Newsweek and Daily Beast editor Tina Brown’s “Women in the World” summit was a star-studded affair (Angelina Jolie, Meryl Streep, and Oprah, and A-List  journalists such as Barbara Walters, Christiane Amanpour, and Andrea Mitchell) and much larger than last year.

But the world seems to have shrunken for these self-absorbed women. Christina Hoff Sommers, who was positively impressed by last year’s summit, reports:

The 2012 summit, by contrast, was intensely partisan: A recurring theme was the alleged war against women waged by Republicans. More generally, the gathering was suffused with the grievances and anti-male vitriol of successful, wealthy American women.

It was as if the women’s-rights activists from Liberia, Egypt, and Burma were there to offer succor and guidance to American women in our time of need. Tina Brown said as much in the Daily Beast: “It is ironic that American women now need to be fortified by the inspiration of the women of the Arab Spring, who risked so much to win basic human rights.” What is ironic, and sad, is that Brown has lost track of the purpose and meaning of the summit, her own brilliant creation….

[W]hen House Democratic leader Nancy Pelosi spoke, she had nothing to say about the plight of women in the developing world except that their example could inspire American women in our struggle against oppression. “This is our moment,” said an impassioned Pelosi. The “moment” in question was created by congressional Republicans who are opposed to the federal government’s requiring religious organizations to fund birth control, and by Rush Limbaugh’s vulgar tirade against Sandra Fluke, the Georgetown University reproductive-rights activist.

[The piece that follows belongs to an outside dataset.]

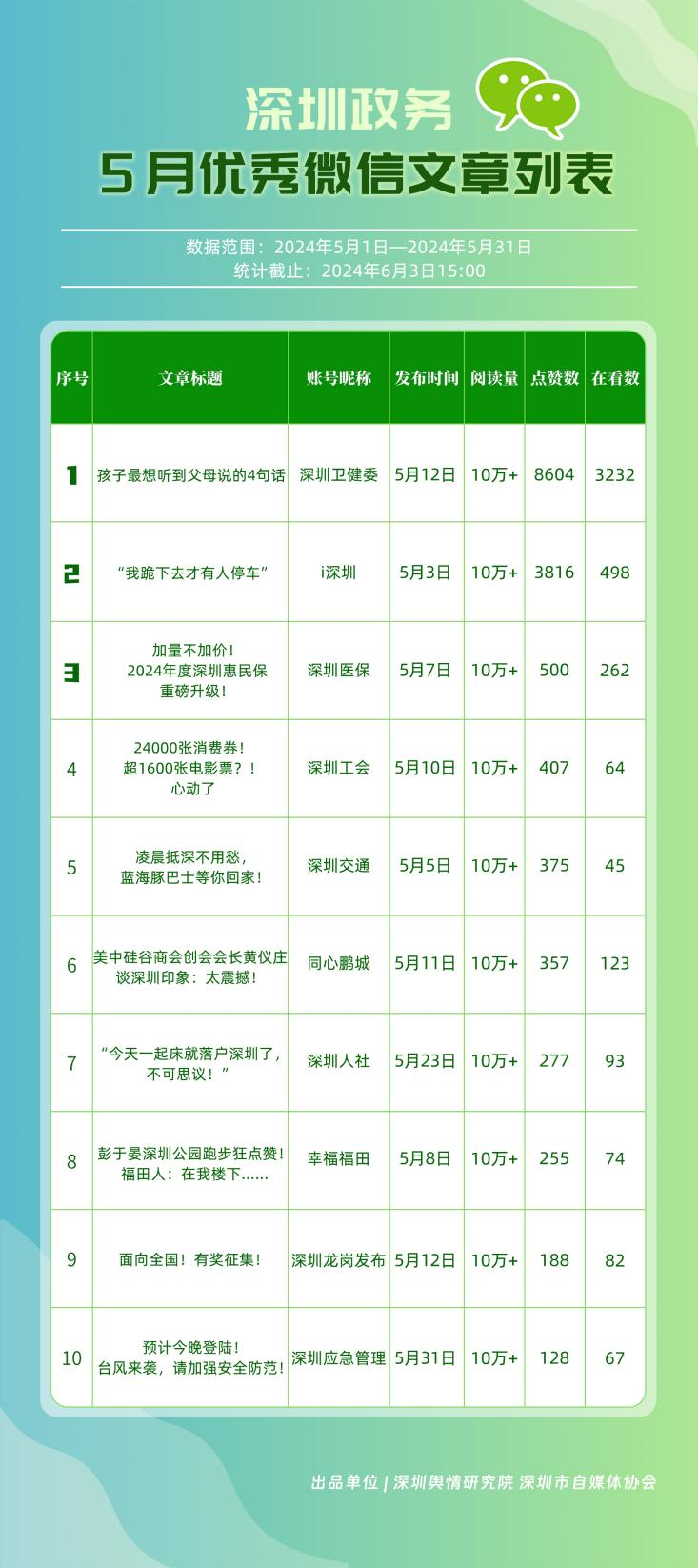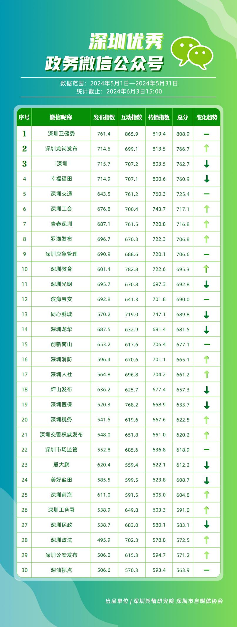 5月,“深圳衛(wèi)健委”“深圳龍崗發(fā)布”“i深圳”“幸福福田”“深圳交通”“深圳工會”“青春深圳”“羅湖發(fā)布”“深圳應(yīng)急管理”“深圳教育”等30個政務(wù)微信公眾號,被評為“深圳優(yōu)秀政務(wù)微信公眾號”。5月,“深圳衛(wèi)健委”憑借精心創(chuàng)作的內(nèi)容、與受眾深入互動,多篇作品深受好評,榮登榜單首位?!吧钲邶垗彴l(fā)布”“i深圳”“幸福福田”“深圳交通”等上榜公眾號也積極捕捉觀眾優(yōu)質(zhì)作品需求,把握主流熱點趨勢,集中發(fā)揮政務(wù)媒體傳播力量,在本期也取得了較為亮眼的成績,進一步推動了政務(wù)信息傳播工作提質(zhì)增效。

Pelosi urged her American sisters to “have the courage of the suffragists and all that they did . . . and of the women who took part in the Arab Spring.” Expect the worst, she warned. “Whatever the arena is, it is stacked against us.” Her interviewer, journalist Pat Mitchell, concurred and described the current environment in the United States as a “nightmare.”

High point: Secretary of State Hillary Clinton’s comparison of Sandra Fluke to Burmese dissidents. I think that just about says it all, so I’ll stop here. But read all of Christina’s piece. It tells you all you need to know about the small, small world of Ms. Brown and her associates.